Does anyone else know of any neat "can't-live-without" Excel utilities or add-ons that would make a software engineer's life a lot easier? A few weeks back someone posted ThingieQuery[0], which also looks fantastic. The IDE for VBA is awful, and I'll take any improvement I can get.

[0]: https://news.ycombinator.com/item?id=11583488


If you think the IDE for VBA is awful, get ready for the tooling for Google Apps Script. I happened to be reading the first few chapters of a new book, "Going GAS: From VBA to Google Apps Script"[1]. He praises the VBA IDE, much better than the thing Google offers for GAS. But he sees the writing on the wall, and that VBA's days are numbered.

"Why Transition from VBA?

In many ways, VBA has been a victim of its own success. Its tight integration with Office and very usable and immediate development environment make it hard to beat. However, it’s been with us since 1991, the same year that Tim Berners-Lee created the first website, which is still running today, but for historical rather any aesthetic or functional reasons.

Although VBA is as far removed from its 1991 forefather as today’s HTML5 sites are from that first website, every version of Office for as long as I can remember has come with a threat that perhaps VBA will not be supported. Office 2008 for Mac did not support VBA, but it was back again by public demand in Office 2011. Office 2016 has just been released, and we can all breathe a sigh of relief to see that VBA is still there. But Microsoft’s focus is shifting to Office 365 from Office for the desktop. According to Satya Nadella of Microsoft, “the most strategic developer surface for us is Office 365.”"

[1] http://www.amazon.com/Going-GAS-Google-Apps-Script/dp/149194...


Fellow (ex-)banker turned founder here. I can relate to this... and it is very scary (the amount of spreadsheet craziness I've seen on trading floors is insane). But I still believe that Excel is a powerful and power-enabling tool. And I know from my own experience how fragmented the "Excel tools industry" is.

We've been working on a fully fledged version control system for spreadsheets for ~2 years now and finally getting somewhere with Pathio[0] (we used to be called SpreadGit but that wasn't ideal for many reasons).

It's taken us a while to get here as our aim was always to build a system that: - works with all Excel file formats (including the binary formats) - works with VBA - integrates seamlessly into (non-technical) people's workflow (which is different to how developers work) - is fast (I personally worked on 100mb spreadsheets when I was at UBS...) - gets the diffing right (which is different in two dimensional space where inserting/deleting rows/columns has a knock of effect on potentially a large number of formulas which are just... noise)

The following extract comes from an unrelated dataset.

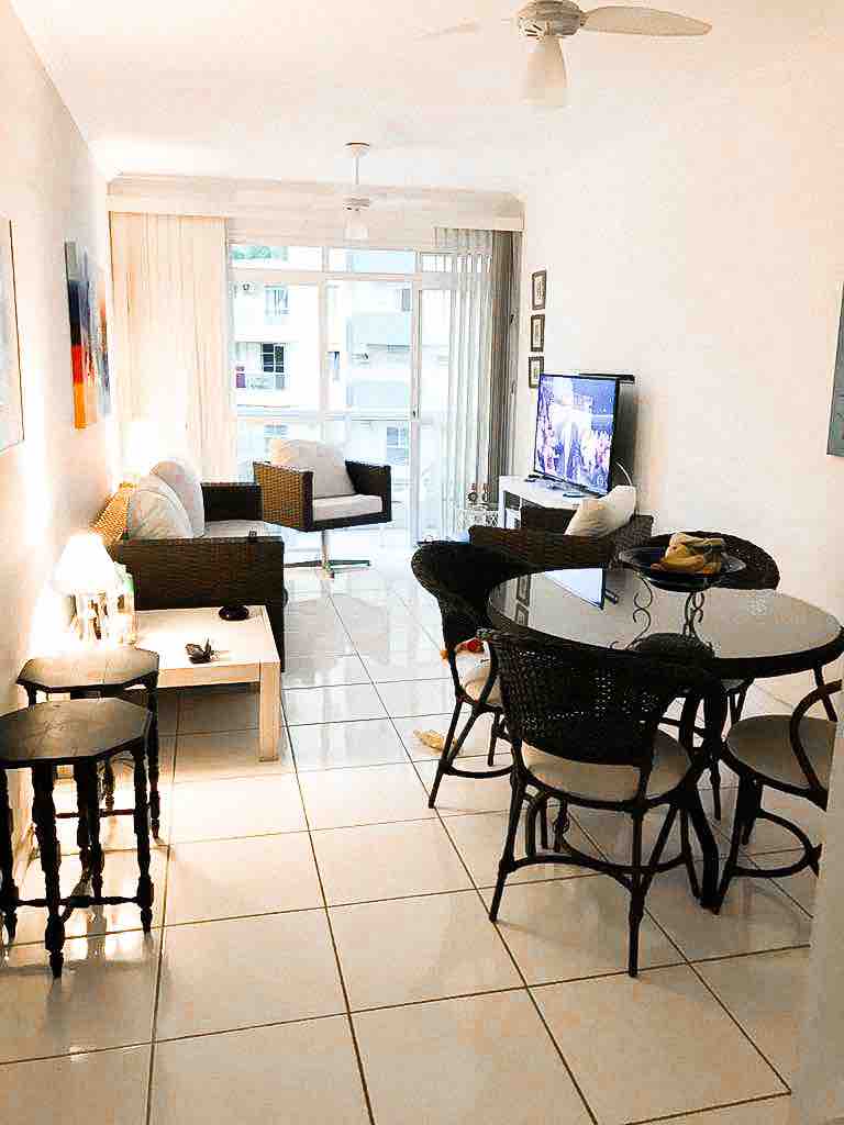 Exclusividade é o conceito desse apartamento com Vista panorâmica do Mar Finamente Renovado e Decorado 1 Suíte Master c/ar cond, 2 banheiros, sala/Living ampliado c/ar cond, cozinha, Gourmet, lavanderia c/Lava e seca LG e 1 vaga garagem coberta Roupas de cama/banho incluso 1 Berço portátil Safety Internet rápida Totalmente equipado Nas proximidades tem mercado, Farmácia, Bares e Restaurantes O Condomínio fechado c/portaria presencial 24hs e câmeras de segurança na área comum externa

Feel free to drop me a note to see if we can be of any help to you - We also have an on-premise version (thanks to the guys at Replicated[1]).

[0]: http://www.pathio.com [1]: https://www.replicated.com


How about getting rid of VBA entirely and replacing it with a visually designed workflow? EasyMorph[1] does data transformation outside Excel (so it's not a plugin or add-on), but then results can be inserted into a sheet of existing spreadsheet.

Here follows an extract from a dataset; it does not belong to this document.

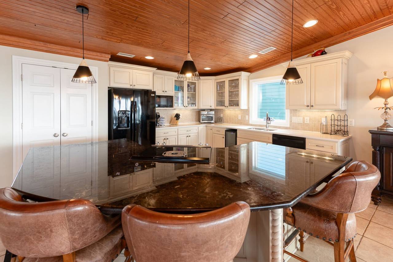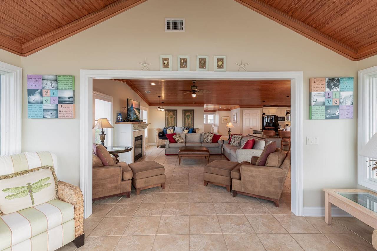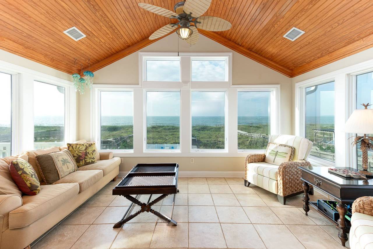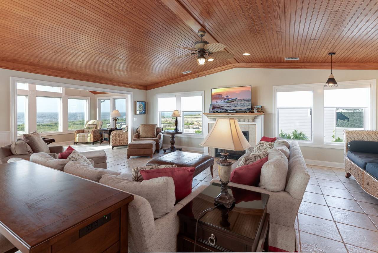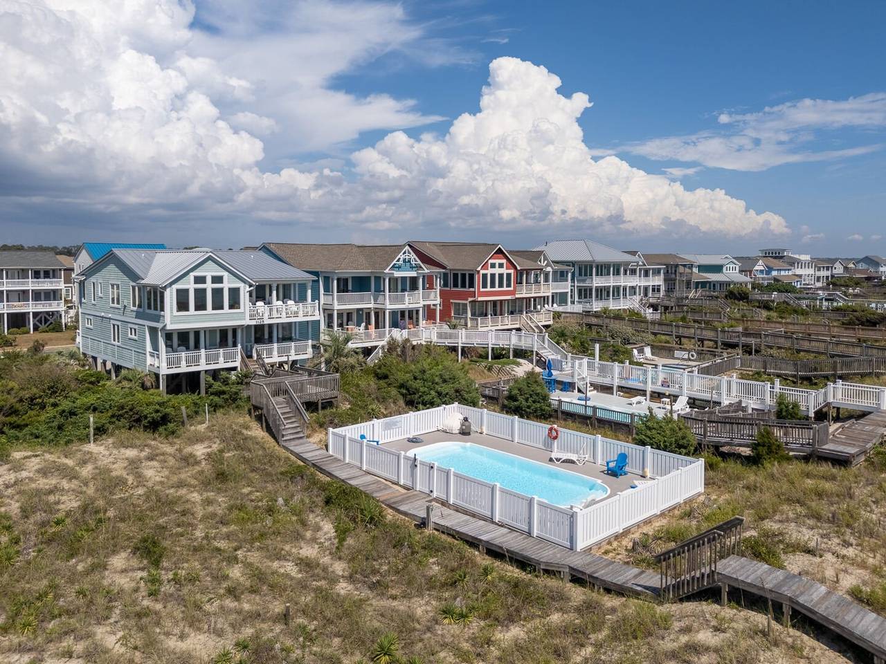 This 6-bedroom (3K,3Q), 6-bath oceanfront home boasts an inverted floor plan with fabulous views of the Atlantic Ocean. Come ready to relax in the private oceanside swimming pool (open from Easter - October) and year-round hot tub. Additional amenities include wireless high-speed internet, flat-screen TVs in all of the bedrooms (including a 39" LED in the primary and a 50" LED in the family area), and a convenient three-floor elevator. The chef in your family will appreciate the nicely appointed kitchen with a wine cooler and an outside gas grill. A baby gate and an IKEA high chair are available for the kiddos. No roll-away beds are allowed in this home.

[1] http://easymorph.com (I'm the founder).


Part of the issue is that the team I'm on consists of a majority of finance majors who only know VBA, and maybe just a few C++ devs (I'm pretty much the only non-finance person on the team). This is sort of those "when all you have is a hammer, everything looks like a nail" issues. Simple one-off VBA tools find a little bit of traction and then, through patchwork, evolve into something critical yet lack proper up-front and long-term-planning design. They're all smart folks of course, but I feel like so much more could be accomplished with better tooling.

Your product looks really cool; I've actually been looking for something that will do ETL tasks and I've only used Informatica and SSIS, which obv aren't free. Will be checking it out!


This might be changing though. I'm following a CQF program, and while the tools are traditionally excel, VBA and C++ - Yves from Python Quants is there lecturing about using python.


Is EasyMorph similar to OpenRefine?


Yes, it's somewhat similar. EasyMorph is a hybrid tool -- you can do data preparation like with OpenRefine, but at the same time you can re-run the same transformation process for another file or with a different parameter, which makes EasyMorph similar to ETL.


It's interesting to see this written in Java, since the Excel application can be reached as a .NET object[0]. On top of that, Compare-Object is a built-in function for Powershell. Sure, with this built in Java you can use it to diff Excel spreadsheets on CentOS, but how often do you have those there? But in .NET most of the pieces are probably already there, so less work may have been needed to produce the same tool.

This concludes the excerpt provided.